The memory 102 may include a program storage area and a data storage area, where the program storage area may be stored with an operating system and an application program required by at least one function, the data storage area may be stored with data created according to use of the electronic device, and so on. In addition, the memory 102 may include a high-speed random access memory, and may also include a non-transitory memory, such as at least one magnetic disk storage device, a flash memory device, or other non-transitory solid-state storage devices. In some embodiments, the memory 102 optionally includes memories remotely arranged relative to the processor 101, and these remote memories can be connected to the electronic device through a network.
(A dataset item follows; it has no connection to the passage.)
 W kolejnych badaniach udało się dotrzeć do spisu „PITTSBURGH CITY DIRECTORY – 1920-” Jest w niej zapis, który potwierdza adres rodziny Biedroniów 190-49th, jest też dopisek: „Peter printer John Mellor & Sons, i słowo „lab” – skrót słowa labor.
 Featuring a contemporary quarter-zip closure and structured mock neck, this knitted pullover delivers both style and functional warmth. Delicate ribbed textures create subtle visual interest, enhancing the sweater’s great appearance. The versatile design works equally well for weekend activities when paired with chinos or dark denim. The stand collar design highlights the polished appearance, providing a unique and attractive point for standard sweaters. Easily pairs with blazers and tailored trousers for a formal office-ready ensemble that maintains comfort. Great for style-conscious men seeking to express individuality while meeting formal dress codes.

Examples of the above network include, but are not limited to, Internet, an intranet, a local area network, a block-chain-based service network (Block-chain-based Service Network, BSN), a mobile communication network, and a combination thereof

The electronic device may also include: an input apparatus 103 and an output apparatus 104. The processor 101, the memory 102, the input apparatus 103 and the output apparatus 104 can be connected by a bus or in other ways. In FIG. 9, connections via buses are used as an example.

The input apparatus 103 may receive input digital or character information, and generate key signal input related to user settings and function control of the electronic device, such as a touch screen, a keypad, a mouse, a trackpad, a touchpad, an indicator bar, one or more mouse buttons, a trackball, a joystick and other input apparatuses. The output apparatus 104 may include a display device, an auxiliary lighting apparatus (e.g., an LED), a tactile feedback apparatus (e.g., a vibration motor), and so on. The display device may include, but is not limited to, a liquid crystal display (LCD), a light emitting diode (LED) display, and a plasma display. In some implementations, the display device may be the touch screen.

Various implementations of the system and the technique described here may be implemented in a digital electronic circuit system, an integrated circuit system, an ASIC (application specific integrated circuit), computer hardware, firmware, software, and/or a combination thereof. These various implementations may include: implementations implemented in one or more computer programs, where the one or more computer programs may be executed and/or interpreted on a programmable system including at least one programmable processor, and the programmable processor may be a dedicated or generic programmable processor, which may receive data and instructions from a storage system, at least one input apparatus and at least one output apparatus, and transmit the data and the instructions to the storage system, the at least one input apparatus and the at least one output apparatus.

These computer programs (also known as programs, software, software applications, or codes) include machine instructions of the programmable processor, and may be implemented using a high-level process and/or an object-oriented programming language, and/or an assembly/machine language. As used herein, the terms “machine readable medium” and “computer readable medium” refer to any computer program product, device, and/or apparatus (e.g., a magnetic disk, an optical disk, a memory, a programmable logic device (PLD)) configured to provide machine instructions and/or data to the programmable processor, including a machine readable medium that receives machine instructions as machine readable signals. The term “machine readable signal” refers to any signal configured to provide machine instructions and/or data to the programmable processor.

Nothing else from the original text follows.